About fifteen years ago, my life in New York as I knew it, ended. I had been the chief of staff to Dan Rather at CBS News and I assumed, incorrectly, that it would be easy to find myself another job. It wasn’t.

Disheartened, I decided to go back to Paris, where I grew up, in the hopes that perhaps I could reinvent myself there.

Once I settled back into the Parisian lifestyle, my now aged uncle suggested that perhaps I study wine.

I’d always been around wine. It was a constant presence at lunches, dinners and copious amounts of it were drunk at Sunday lunch, which in my house, was a command performance for the entire family.

My aunt would spend Sunday mornings in the kitchen, usually yelling at the maid, twirling her wooden spoon like a weapon; and my poor uncle would hide downstairs in his cellar to keep out of her way. Mainly, though, he loved to walk up and down the old stone floors, looking at every bottle, doing a mental inventory of everything he had, whilst quietly indulging in a glass or two before lunch. “I had to taste the wine before serving it,” he would always say.

A big fan of Bordeaux, he’d been buying wine since the late ‘40s and as such, had some of the best vintages the region offered from the years after the Second World War and through the 70’s.

I still remember the lunch when I was allowed to have my first sip of wine. I don’t remember much apart from the sensation of red velvet going down my throat. Years later, when I understood and cared a bit more about wine, my uncle told that it was a 1959 Mouton Rothschild.

I took my uncle’s suggestion, but, much to his chagrin, decided to go to Burgundy. I signed up at the CFPPA, the main wine and agricultural institute in Beaune and found myself a small apartment.

Besides academia, my first practical assignment was at Domaine Leflaive. Before starting, I thought I would go over and walk around, take it all in, as it were.

There is a small restaurant on the property that offers flights of wines and I decided to treat myself. Sitting alone, I sipped the wines taking copious notes on my impressions.

Just then, the door opened and a woman walked in. She was dressed in a barbour jacket, muddy wellingtons, but had a gorgeous coral and white silk Hermes scarf billowing around her neck. She stopped in the bar area. “Bonjour,” she said to the staff.

She was the kind of woman whose presence was so magnetic that you couldn’t help but stare. My eyes widened as she walked over to me after one of the sommeliers whispered something in her ear, inclining his head towards the corner where I sat.

I immediately got to my feet, but she indicated I sit.

“Alors?” she said standing next to my table, her arms crossed. “What do you think of the wines?”

“Well…” I stuttered. “They’re…good, I mean, excellent.
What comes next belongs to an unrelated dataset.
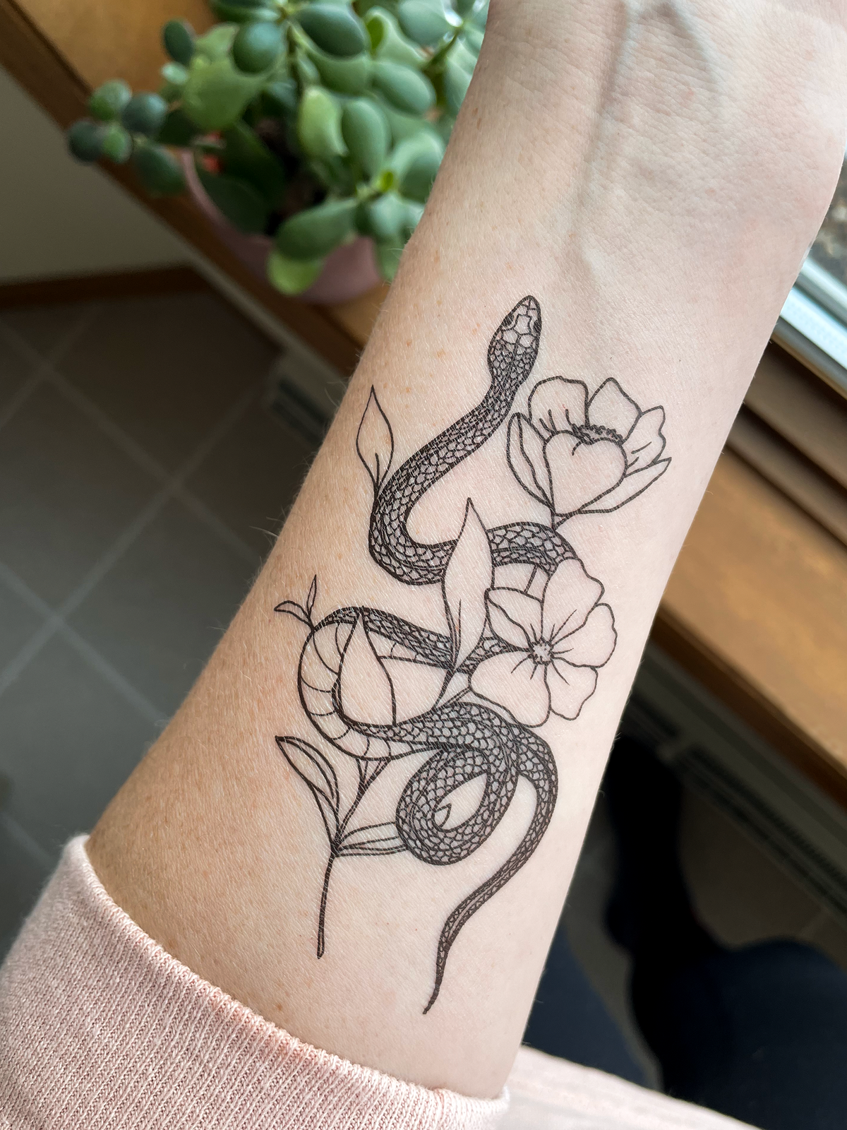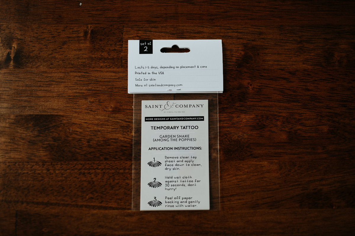 Featuring a hand-drawn garden (garter) snake slithering through poppy flowers. This temporary tattoo makes a thoughtful small gift or a pain-free way to try out a tattoo!

“The nose on this Meursault…and the aromas of…” I continued falling all over myself.

I was in mid-sentence when she put her hand up, telling me to be quiet.

“I…”

“Mademoiselle,” she interrupted. “Please don’t analyze the wines. Just tell me if you liked them or not.”

“Yes, Madame,” I muttered.

“You enjoyed them?”

“Of course!” I said enthusiastically.

“Then,” she smiled, her face relaxing, her arms at her side, “I am glad. If you enjoyed the wines, then I have done my job.”

I sighed with relief as she turned dramatically on her heel and walked away.

Half way across, she stopped. “By the way, I’m your new boss…Anne-Claude Leflaive.”

And that was the first time I met one of the most influential women in the winemaking world. I went on to work at Leflaive for several months, learning so much from all of them, never forgetting that ultimately, wine is meant to be enjoyed, not dissected.